(Records contained in a dataset)
== Segment start ==
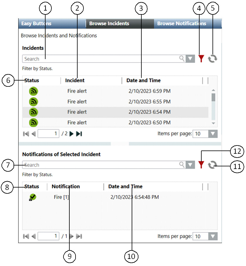 5 | Refresh | Refreshes the window to update the list of initiated incidents. |
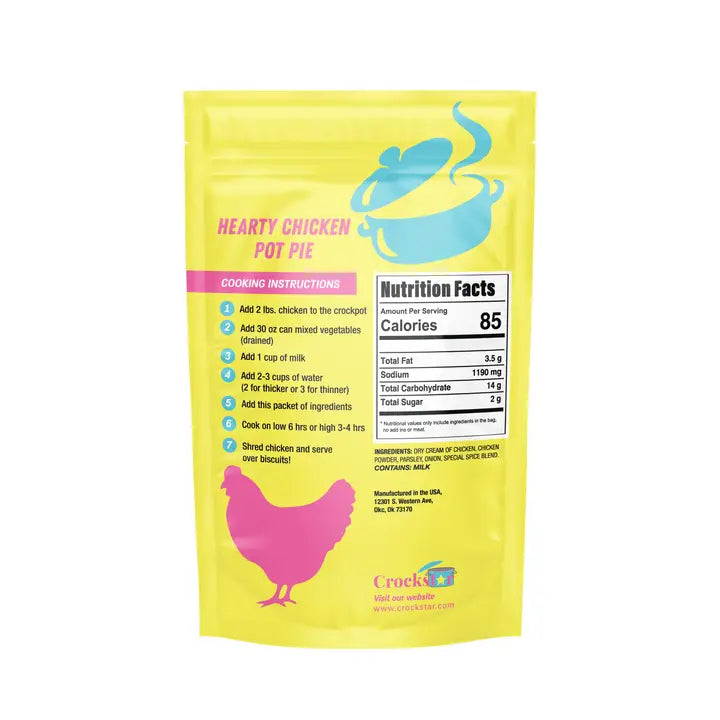 Crockstar's Hearty Chicken Pot Pie creates a creamy sauce blend of veggies and chicken. This meal is best served over biscuits or even baked in a pie shell.
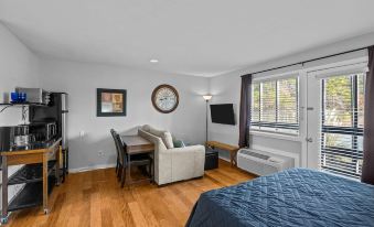 352 square foot studio apartment | Mini Fridge | Microwave | Drip Coffee Maker | Flat Screen SmarTV | Back Porch
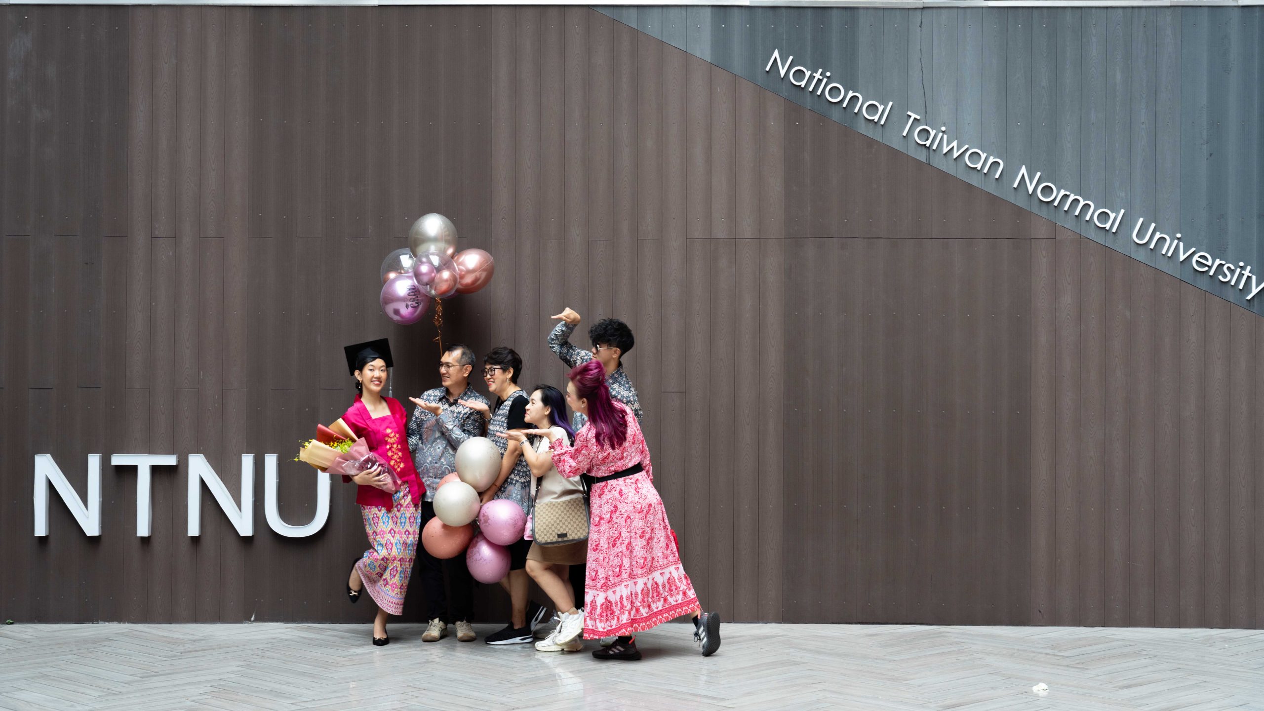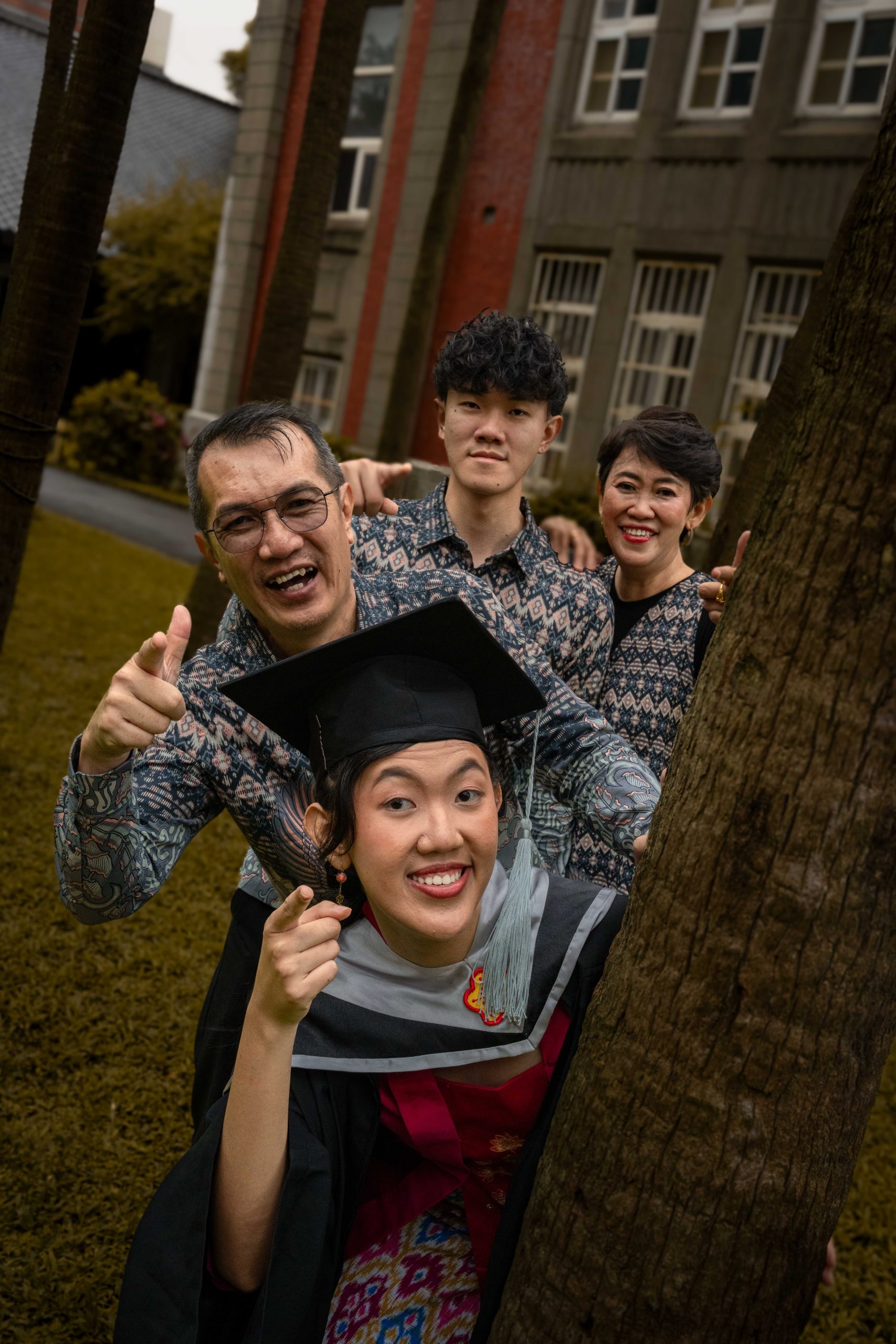 From heartfelt hugs on the steps to playful pointing and shared moments beneath the NTNU sign, each photo told a story — one of hard work, family legacy, and cultural identity. Her family’s coordinated batik was more than fashion — it was a symbol of unity and pride.
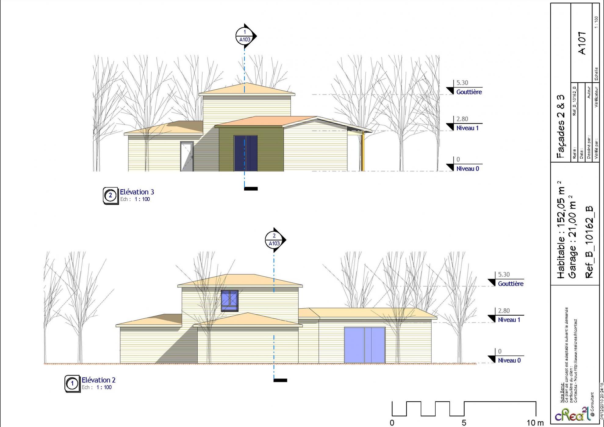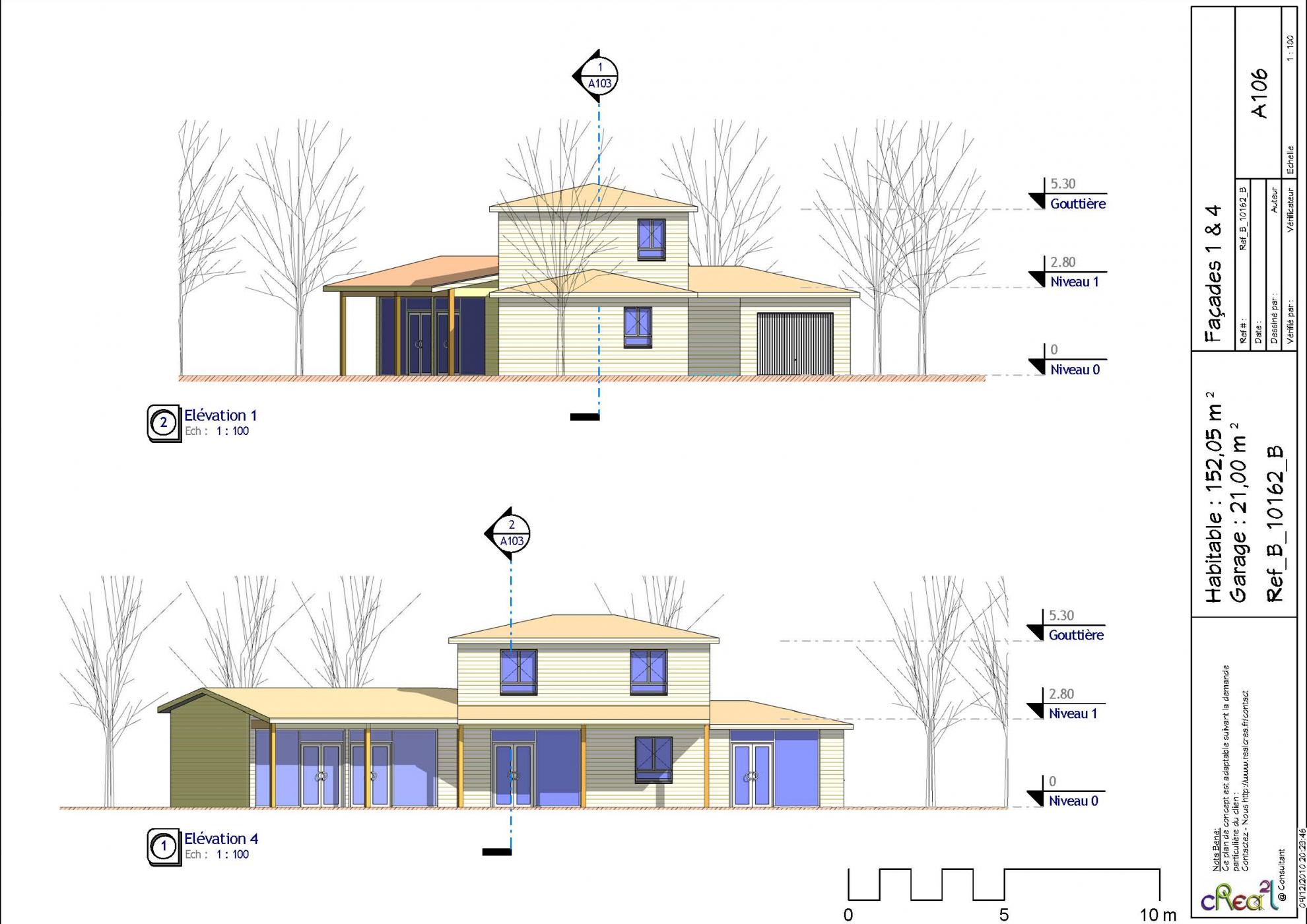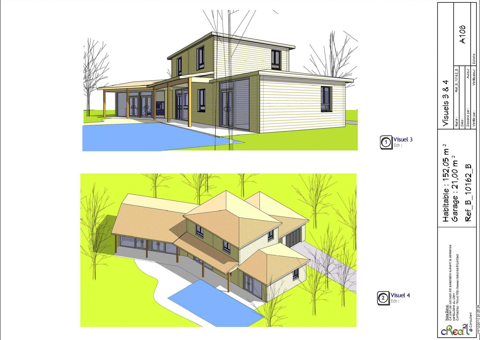 Plan B_10162_D : Maison en bois, 2 chambres, Suite parentale, 152 m² habitables + Garage intégré.
== Segment end ==
WHAT IS BEING ASKED:
Pictures are to be dropped; the lines from the start of the entries above through the line with "Crockstar's Hearty Chicken" are to be given again verbatim.

OUTPUT:
 5 | Refresh | Refreshes the window to update the list of initiated incidents. |
 Crockstar's Hearty Chicken Pot Pie creates a creamy sauce blend of veggies and chicken. This meal is best served over biscuits or even baked in a pie shell.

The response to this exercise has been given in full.